While the previous version (CAOM-1.0) was very successful in enabling the CADC to serve a wide variety of data, some particular data structures were awkward to describe in a meaningful way. CAOM-2.0 has been developed to address such issues and cover new scenarios for data products.
CAOM-2.2 Software
resource | description |
---|---|
Table Access Protocol (TAP) | a web service for ad-hoc querying, including both CAOM and the IVOA ObsCore-1.1 Data Model |
Simple Image Access (SIA) | a web service for finding calibrated images (uses TAP and CAOM) |
AdvancedSearch | a user interface for querying CAOM (uses TAP) |
CAOM operations services | a set of high level web services to support use of CAOM: drill down to downloads using IVOA DataLink, cutouts on data files using IVOA SODA, get detailed metadata of a CAOM observation, get all files in a product (CAOM Plane) from a single download URL |
CAOM observation repository | web service to support ingestion of metadadata into CAOM at CADC (requires authentication) |
caom2 | java library for manipulating CAOM observations, including reading and writing XML documents
source code |
fits2caom2 | java command-line tool for extracting metadata from FITS files, reads FITS file(s) and writes an XML document
source code |
pyCAOM2 | python library for manipulating CAOM observations, including reading and writing XML documents
source code |
caom2repoClient | python command-line tool for interacting with the CAOM observation repository, supports
get, put, update, delete (requires authentication)
source code |
cadcWCS | java library for accessing wcslib
source code |
wcsLibJNI | JNI binding library for wcslib
source code |
Core Classes
The core CAOM classes describe the observation, data products, and access to the physical artifacts (typically files), as well as the provenance of the data products.
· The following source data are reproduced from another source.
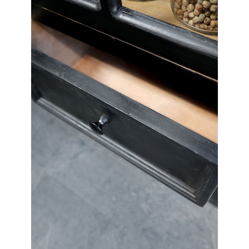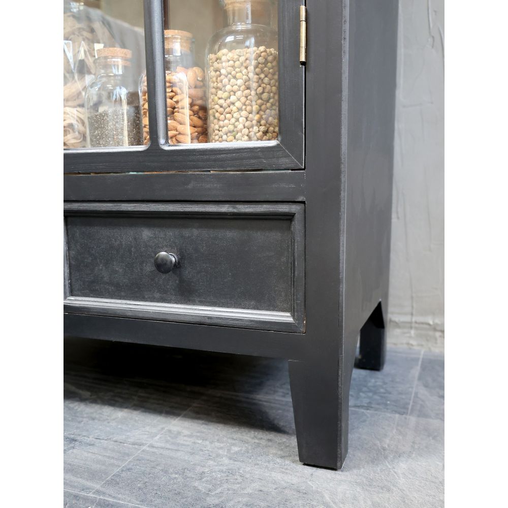 Beautiful display cabinet in a classic look, with a bit of edge from the stunning antique black finish.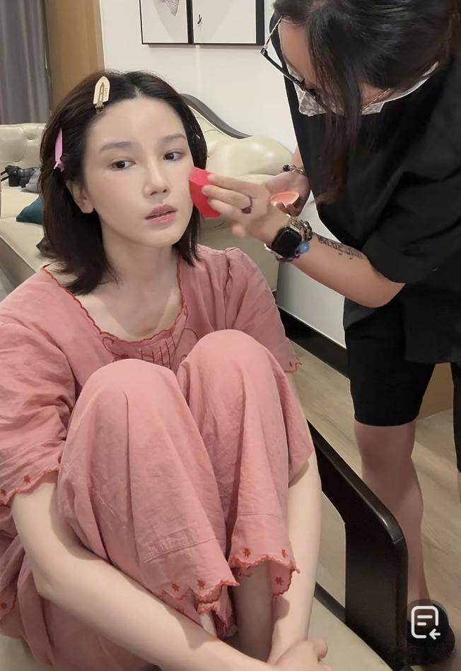 陈小纭直播时请了专业的化妆师为她化妆,两人合作多年,知道什么妆容适合她,明星请的化妆师贵也是有道理的,化妆前化妆后完全是两张脸。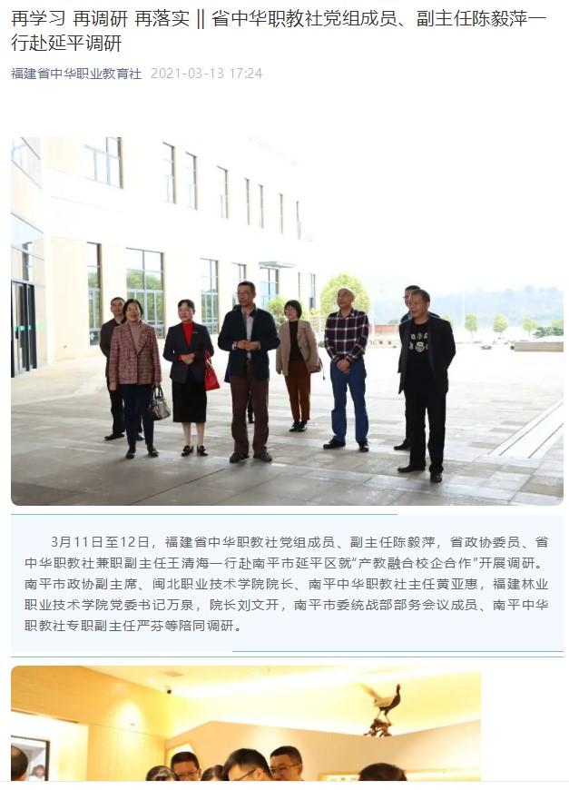 3月11日至12日,福建省中华职教社党组成员、副主任陈毅萍,省政协委员、省中华职教社兼职副主任王清海一行赴南平市延平区就“产教融合校企合作”开展调研。南平市政协副主席、闽北职业技术学院院长、南平中华职教社主任黄亚惠,福建林业职业技术学院党委书记万泉,院长刘文开,南平市委统战部部务会议成员、南平中华职教社专职副主任严芬等陪同调研。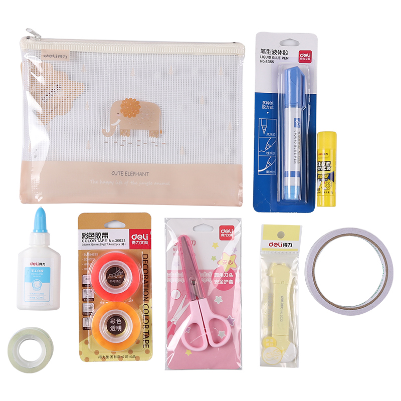 Able Students Handmade Tools Suit Safety Scissors Double-sided Elementary Students 1-2 Grade DIY Handmade Material Tools Whole Set Children Handmade Cut Paper Kits La Lace Bag 9 pieces
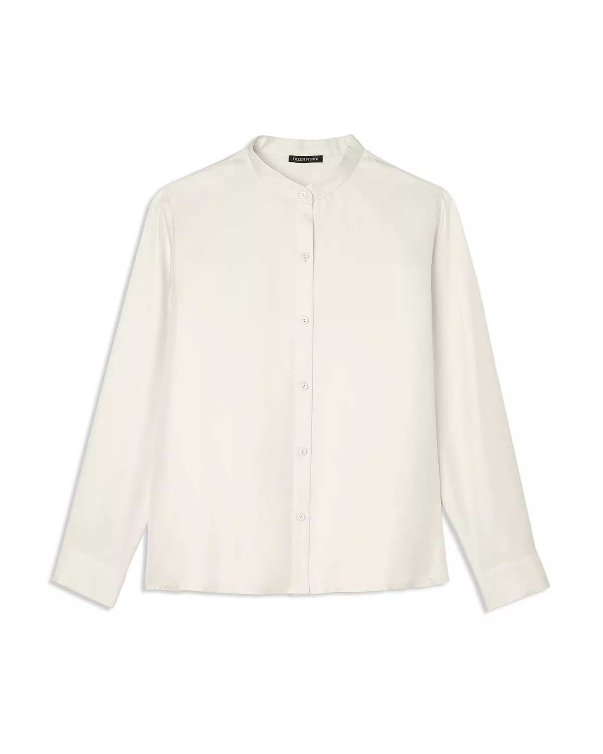 SIZE & FIT - Fits true to size, order your normal size - Designed for a drapey and fluid fit - 26" length - Model measurements: 5'10" height, 33" bust, 25" waist, 35" hips, wearing a size extra small PRODUCT DETAILS - Mandarin collar - Long sleeves - Front button closures - Medium-weight silk with subtle diagonal texture and a slight sheen - B Corp Certified. B Corp is one of the most demanding certifications that evaluates brands' social and environmental impact, with over 300 questions about governance, workers, communities and impact on the environment. - Imported Web ID: 5820383 MATERIAL & CARE - 100% silk - Machine wash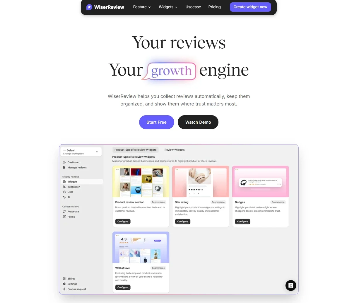 WiserReview helps you collect, manage, and display reviews without high costs.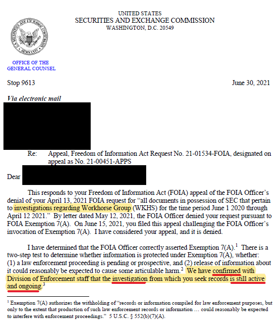 Workhorse Group has an active and on-going SEC investigation. A large part of their order book is fictitious including undisclosed related parties. New C-1000 EVs are riddled with design flaws and the EVs are already breaking down.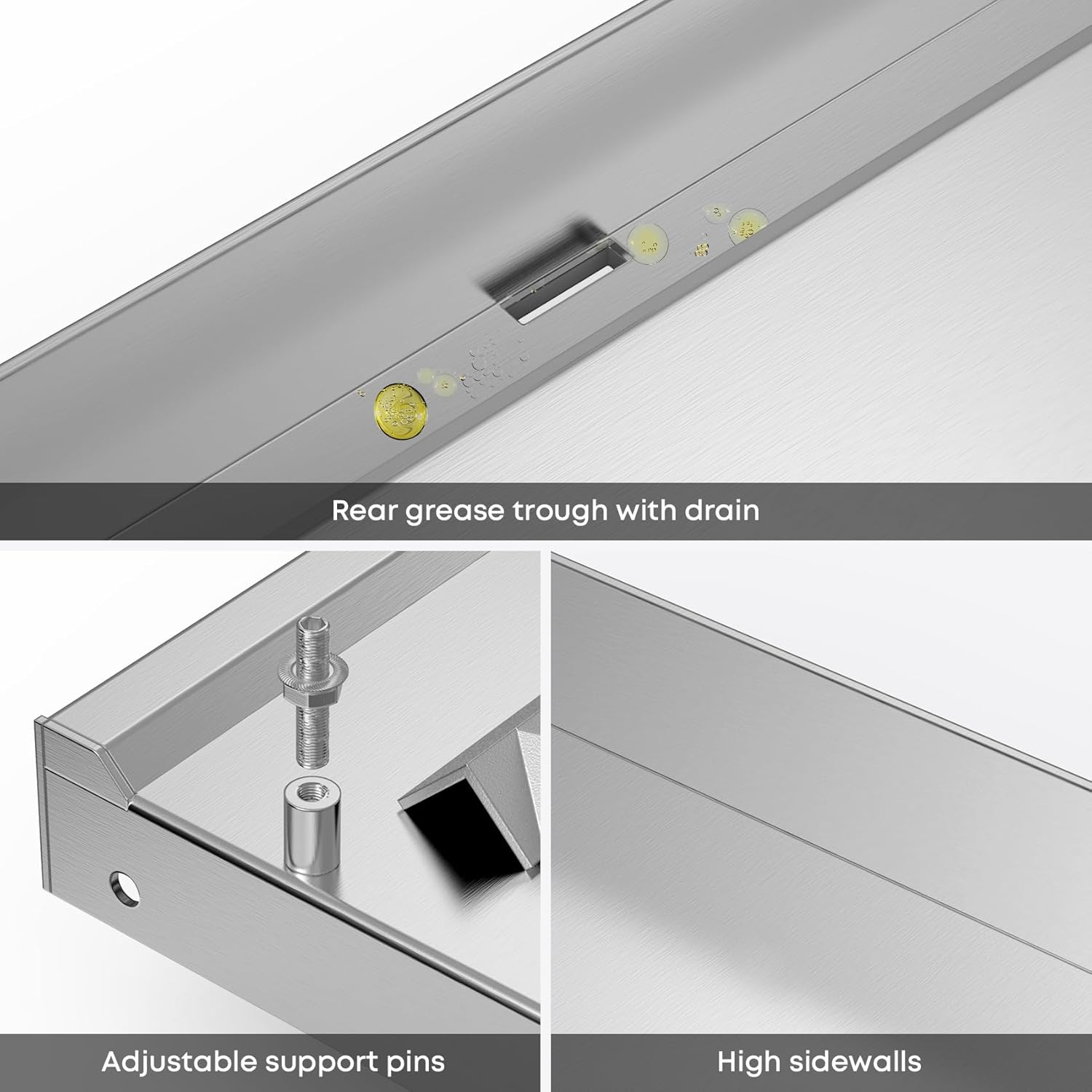 - Rear Grease System: Full-width rear grease trough with drain prevents flare-ups and helps eliminate mess, making cleanup a breeze.

In addition, we also show the (loosely coupled) metadata access control classes.
The UML diagrams specify through the cardinality whether an object or field may be null or not.
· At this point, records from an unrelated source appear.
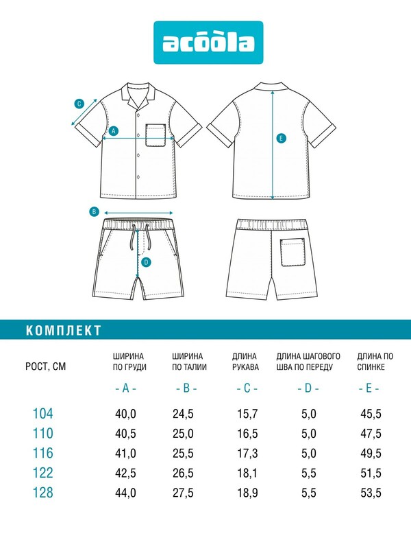 Комплект для мальчиков ((1)сорочка верхняя и (2)шорты Rokko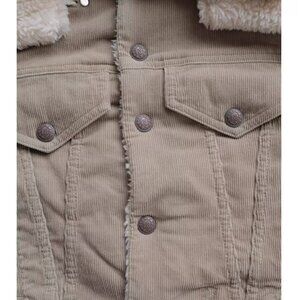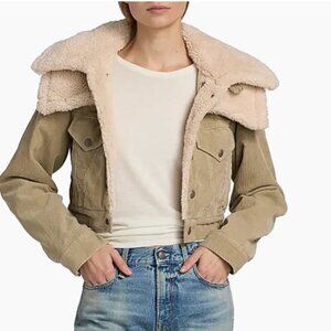 NWT R13 Crop Trucker Jacket Stone Pinwale Cord Corduroy & Faux-Sherpa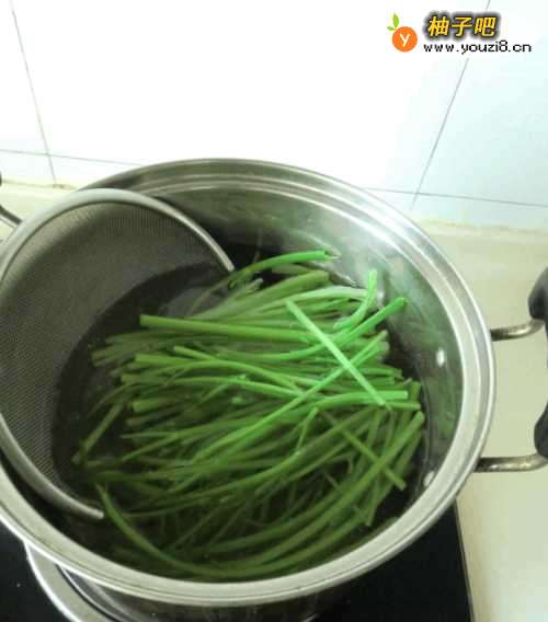 2芹菜摘洗干净开水焯烫过凉。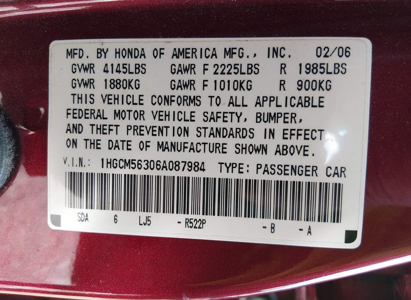 - VIN: 1HGCM56306A087984

- no visible cardinality means 1: the value is mandatory
- 0..1 compositions (solid black diamond at start) are equivalent to member variables; the value is optional
- n..* compositions signify a collection which is never null, but may be empty for n = 0
While there are a few methods shown in the model, these are to signify value conversions (e.g. wavelength to frequency) that require access to other internal fields; this is a reminder/hint to persistence implementations that the values returned from methods should also be stored for efficient querying (for example, by the TAP service).

Changes
- 2016-04-07 (red outline): made Artifact.productType mandatory; added mandatory Artifact.releaseType
- 2014-11-18: added Observation.requirements with a Status flag; added Plane.qualityFlag; moved all vocabularies (enumerations) a separate diagram (below)
- 2014-02-10: added restwav (observed rest wavelength) to computed plane energy metadata
- 2013-11-26: added moving flag to Target class, added TargetPosition class
- 2013-09-08: added PolarizationState literals: POLI (polarized intensity), FPOLI (fractional polarized intensity), POLA (linear polarized angle), EPOLI (elliptical polarized intensity), CPOLI (circular polarized intensity), and NPOLI (non-polarized intensity)
- 2013-06-18: added CATALOG, NOISE, and WEIGHT as additional ProductType literals (used to all be classified as AUXILIARY)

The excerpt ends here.